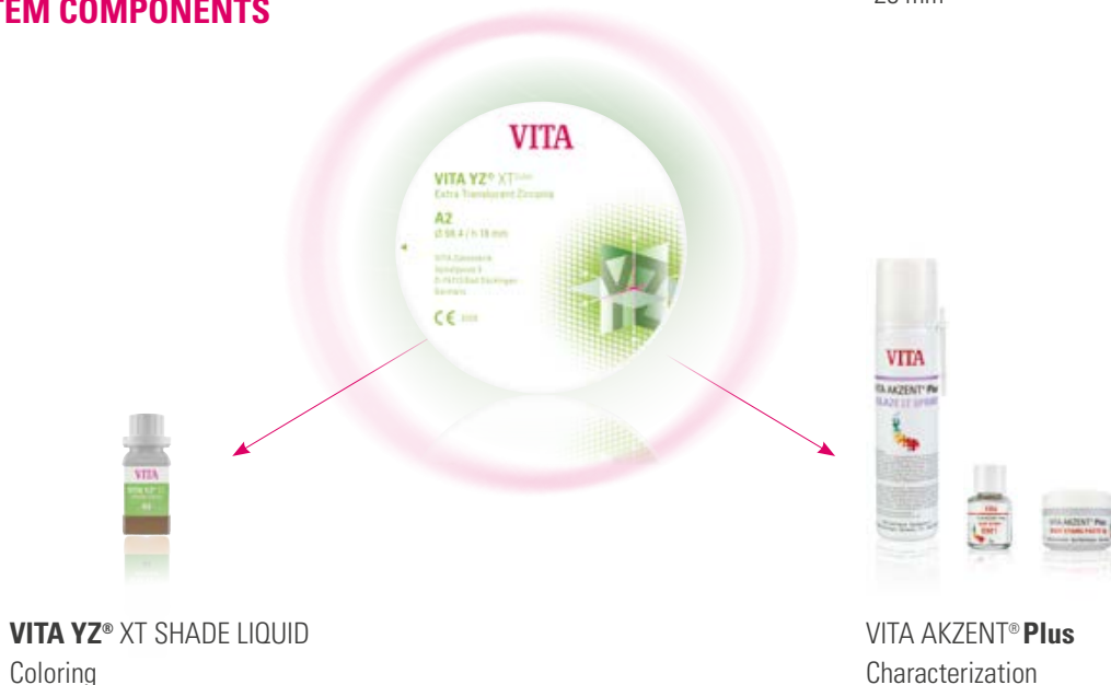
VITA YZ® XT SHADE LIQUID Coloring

--------------------------------

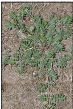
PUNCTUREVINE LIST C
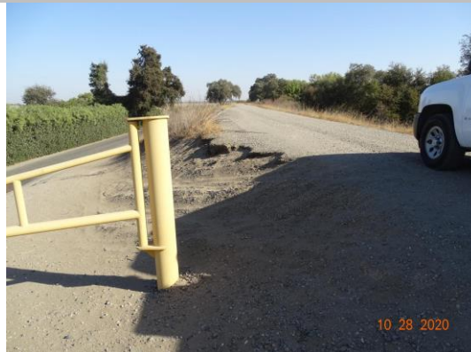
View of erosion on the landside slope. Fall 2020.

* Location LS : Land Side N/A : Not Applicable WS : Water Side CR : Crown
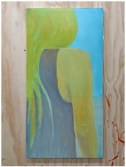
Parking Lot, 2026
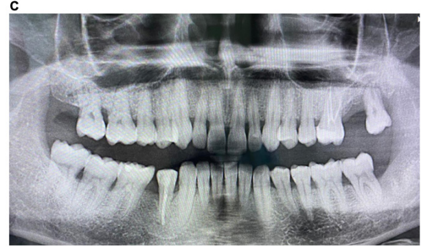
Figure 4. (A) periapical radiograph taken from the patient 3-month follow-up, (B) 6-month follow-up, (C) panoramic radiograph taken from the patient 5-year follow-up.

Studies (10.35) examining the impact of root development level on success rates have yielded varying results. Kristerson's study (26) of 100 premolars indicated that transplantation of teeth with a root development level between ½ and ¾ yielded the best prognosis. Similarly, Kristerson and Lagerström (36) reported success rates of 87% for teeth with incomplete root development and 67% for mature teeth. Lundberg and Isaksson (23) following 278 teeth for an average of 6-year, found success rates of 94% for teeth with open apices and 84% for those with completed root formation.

--------------------------------

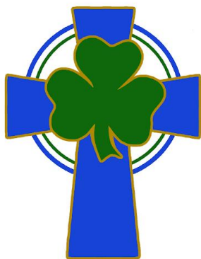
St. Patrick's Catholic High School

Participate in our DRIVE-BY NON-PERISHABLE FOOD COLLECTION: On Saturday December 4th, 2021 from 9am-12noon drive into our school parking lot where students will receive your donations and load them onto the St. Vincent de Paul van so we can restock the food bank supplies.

--------------------------------

◆ TASK DESCRIPTION: Using the listing above, reproduce word for word every line from the one containing "View of erosion" through the one containing "Figure 4. (A)". Pictures must be left out.

◆ ANSWER SECTION:
View of erosion on the landside slope. Fall 2020.

* Location LS : Land Side N/A : Not Applicable WS : Water Side CR : Crown
Parking Lot, 2026
Figure 4. (A) periapical radiograph taken from the patient 3-month follow-up, (B) 6-month follow-up, (C) panoramic radiograph taken from the patient 5-year follow-up.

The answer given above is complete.